**WORK TASK**. Going through the material below, output exactly the lines from the one containing "Bratara argint trandafir." through the one containing "Scientific Anglers Magnitude", and no pictures.
DATA FOR ANALYSIS below:
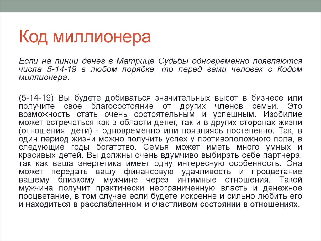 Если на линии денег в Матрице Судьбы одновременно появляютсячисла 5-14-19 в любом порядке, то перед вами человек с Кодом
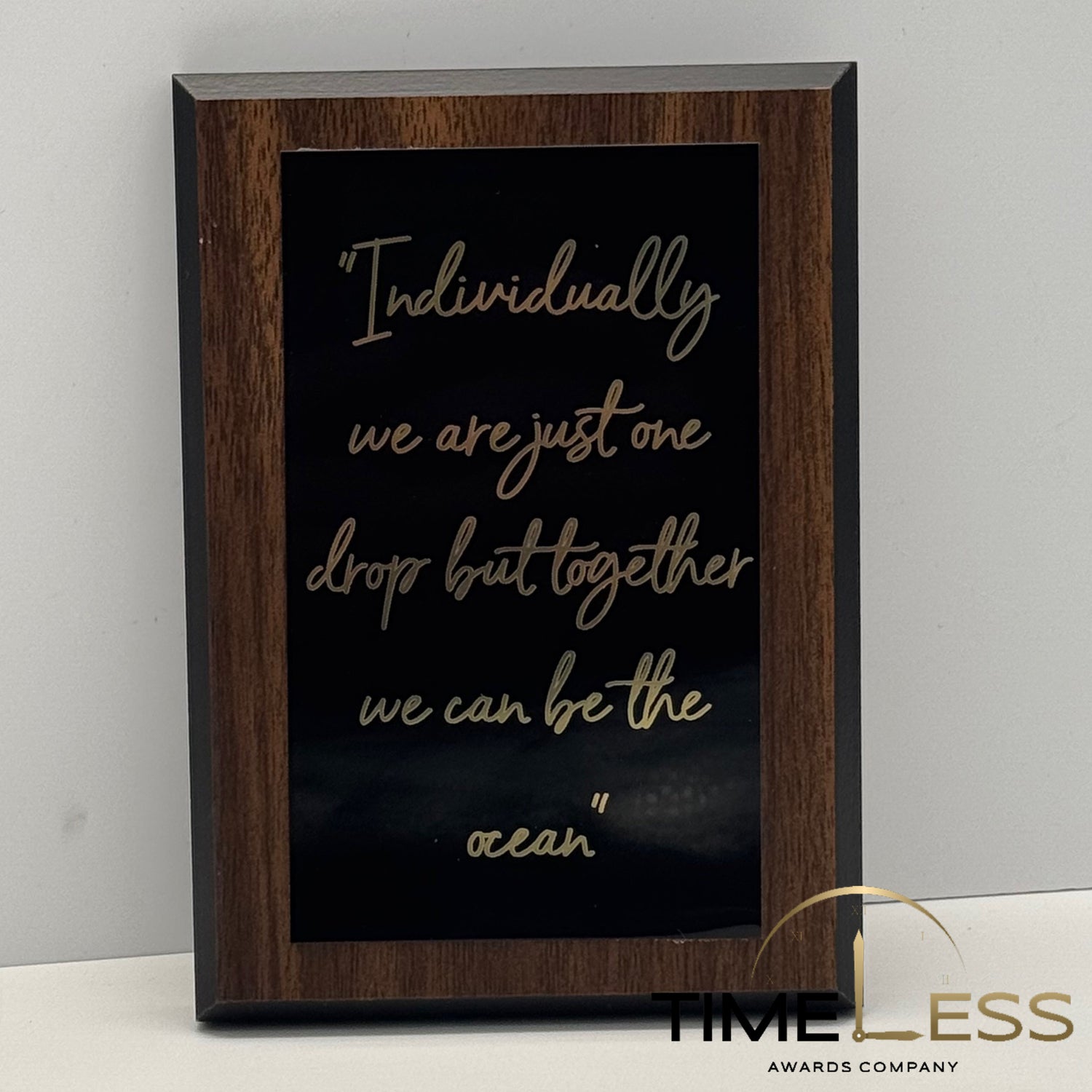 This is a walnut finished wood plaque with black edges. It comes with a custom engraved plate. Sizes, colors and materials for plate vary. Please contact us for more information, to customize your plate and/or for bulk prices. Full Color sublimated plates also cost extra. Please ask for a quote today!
End of DATA FOR ANALYSIS.
DATA FOR ANALYSIS below:
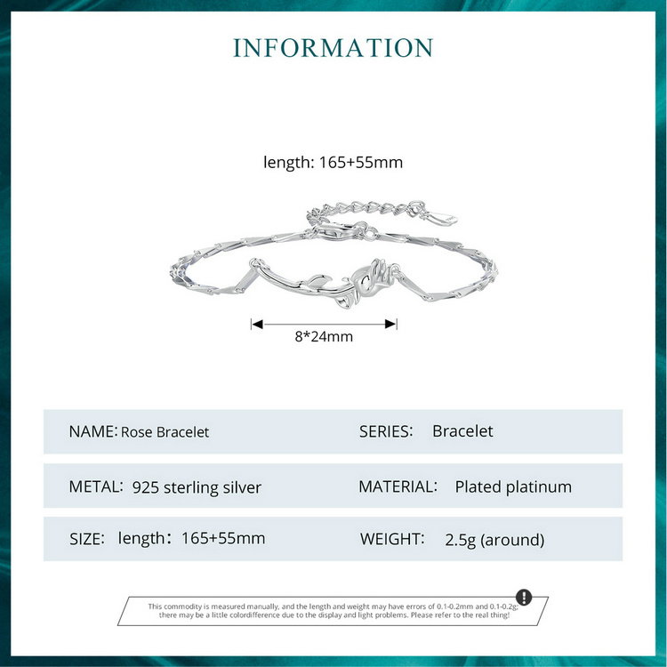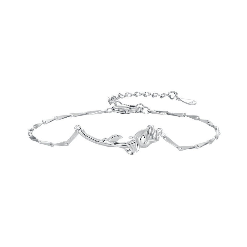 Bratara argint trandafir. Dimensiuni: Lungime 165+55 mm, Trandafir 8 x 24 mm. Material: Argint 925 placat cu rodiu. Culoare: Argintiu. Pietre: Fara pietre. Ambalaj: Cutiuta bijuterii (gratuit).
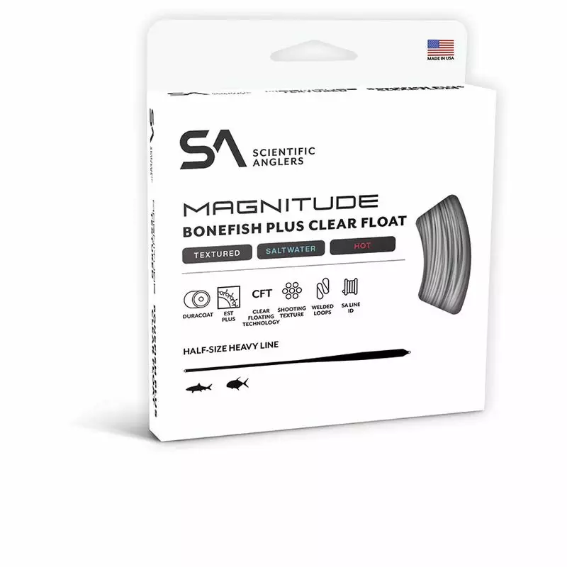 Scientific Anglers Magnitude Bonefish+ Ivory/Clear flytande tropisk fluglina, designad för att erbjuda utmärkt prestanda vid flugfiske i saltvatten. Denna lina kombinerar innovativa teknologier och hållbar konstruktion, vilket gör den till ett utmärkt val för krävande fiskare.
End of DATA FOR ANALYSIS.
DATA FOR ANALYSIS below:
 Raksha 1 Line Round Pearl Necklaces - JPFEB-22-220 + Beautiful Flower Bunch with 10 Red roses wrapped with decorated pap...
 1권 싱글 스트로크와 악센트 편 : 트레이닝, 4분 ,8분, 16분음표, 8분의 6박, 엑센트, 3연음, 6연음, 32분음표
End of DATA FOR ANALYSIS.
**RESPONSE AREA**.
 Bratara argint trandafir. Dimensiuni: Lungime 165+55 mm, Trandafir 8 x 24 mm. Material: Argint 925 placat cu rodiu. Culoare: Argintiu. Pietre: Fara pietre. Ambalaj: Cutiuta bijuterii (gratuit).
 Scientific Anglers Magnitude Bonefish+ Ivory/Clear flytande tropisk fluglina, designad för att erbjuda utmärkt prestanda vid flugfiske i saltvatten. Denna lina kombinerar innovativa teknologier och hållbar konstruktion, vilket gör den till ett utmärkt val för krävande fiskare.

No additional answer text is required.